RECORDED DATA:
== == ==
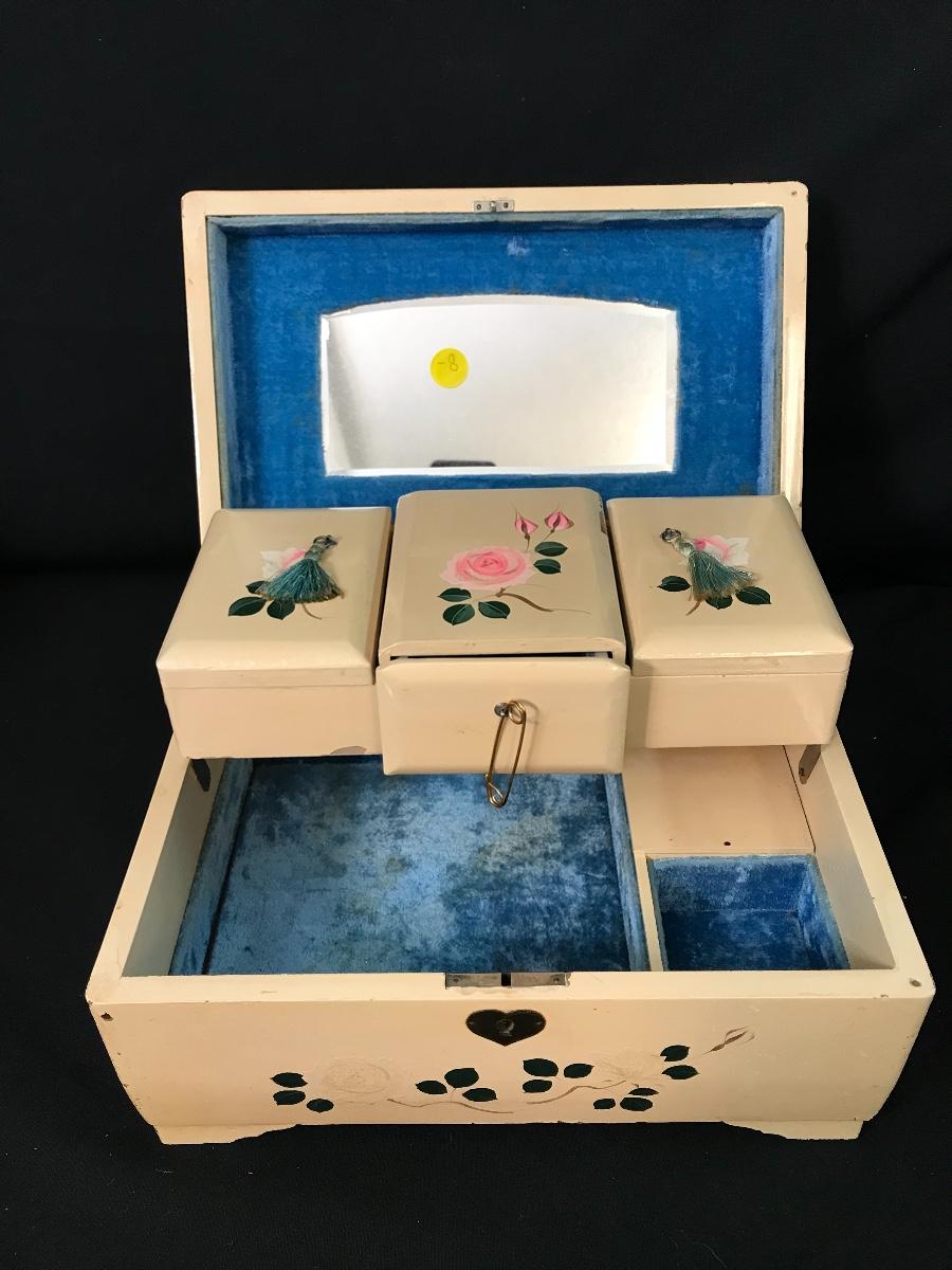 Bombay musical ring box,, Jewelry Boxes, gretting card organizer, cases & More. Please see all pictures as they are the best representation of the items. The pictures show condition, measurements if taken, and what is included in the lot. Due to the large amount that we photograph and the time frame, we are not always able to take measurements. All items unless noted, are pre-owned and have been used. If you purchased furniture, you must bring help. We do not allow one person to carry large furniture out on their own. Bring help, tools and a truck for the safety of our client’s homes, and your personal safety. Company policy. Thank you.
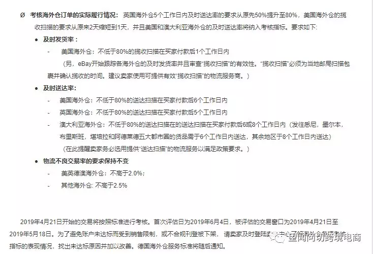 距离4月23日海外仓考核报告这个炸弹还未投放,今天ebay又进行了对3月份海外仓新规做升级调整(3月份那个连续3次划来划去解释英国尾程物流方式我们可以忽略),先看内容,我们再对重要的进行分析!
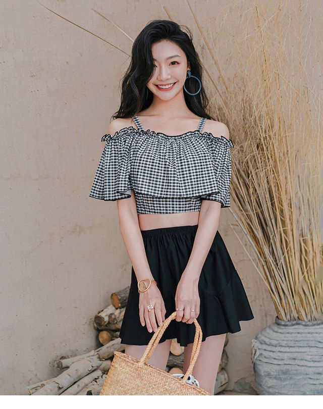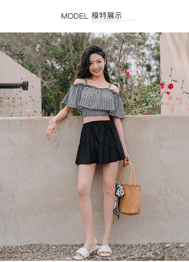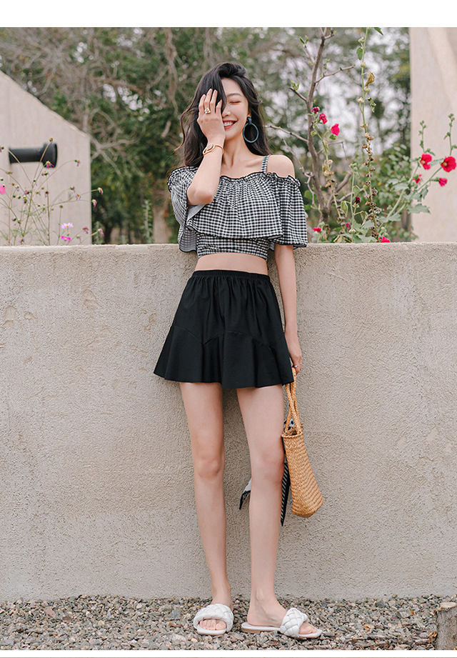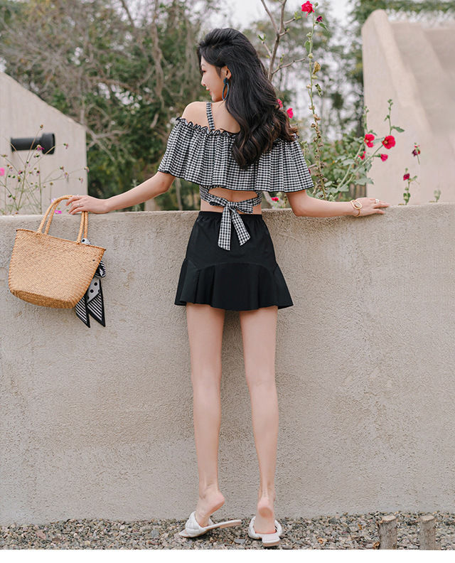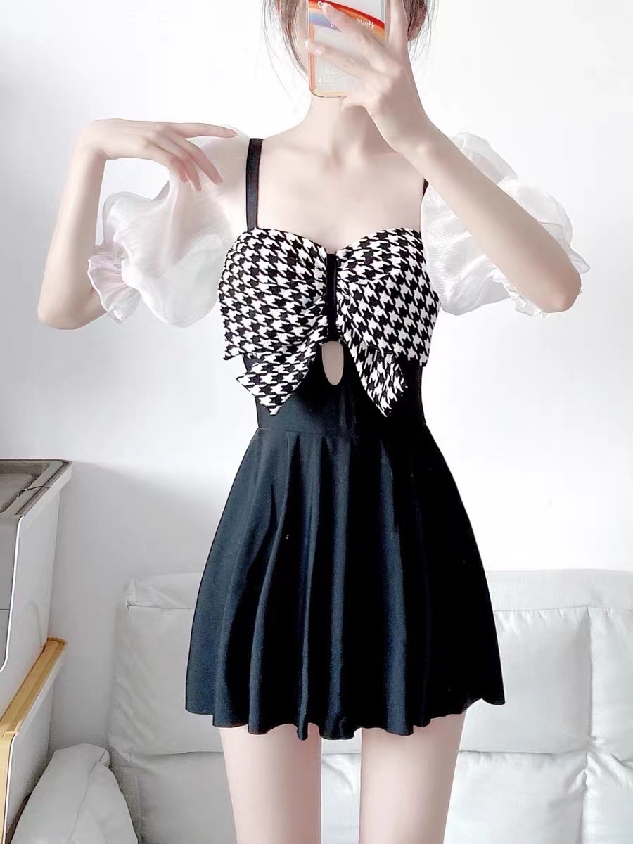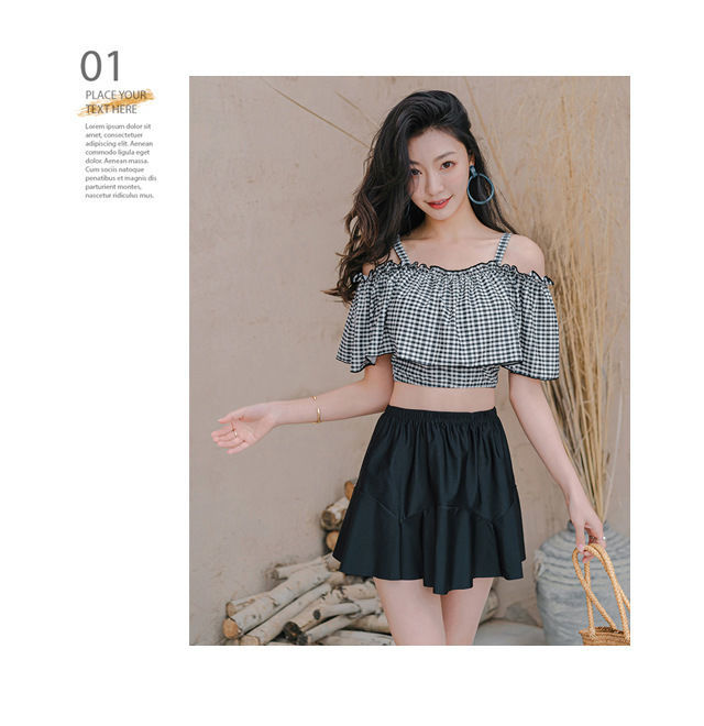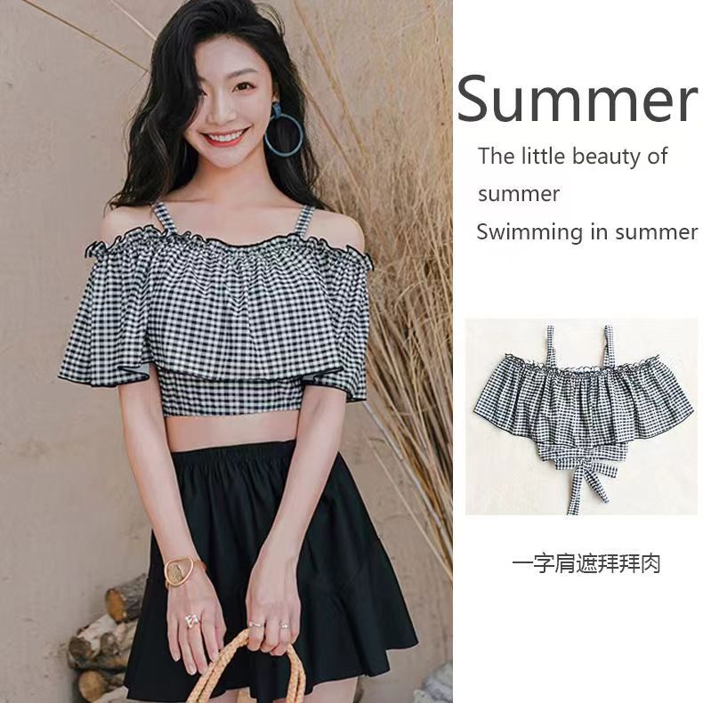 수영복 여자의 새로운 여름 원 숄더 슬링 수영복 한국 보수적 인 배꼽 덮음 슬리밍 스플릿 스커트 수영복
== == ==
WHAT IS REQUIRED: Exactly the lines from the one containing "距离4月23日海外仓考核报告" through the last line of the material above, both included and free of pictures, should make up your answer, please.

TASK SOLUTION:
 距离4月23日海外仓考核报告这个炸弹还未投放,今天ebay又进行了对3月份海外仓新规做升级调整(3月份那个连续3次划来划去解释英国尾程物流方式我们可以忽略),先看内容,我们再对重要的进行分析!
 수영복 여자의 새로운 여름 원 숄더 슬링 수영복 한국 보수적 인 배꼽 덮음 슬리밍 스플릿 스커트 수영복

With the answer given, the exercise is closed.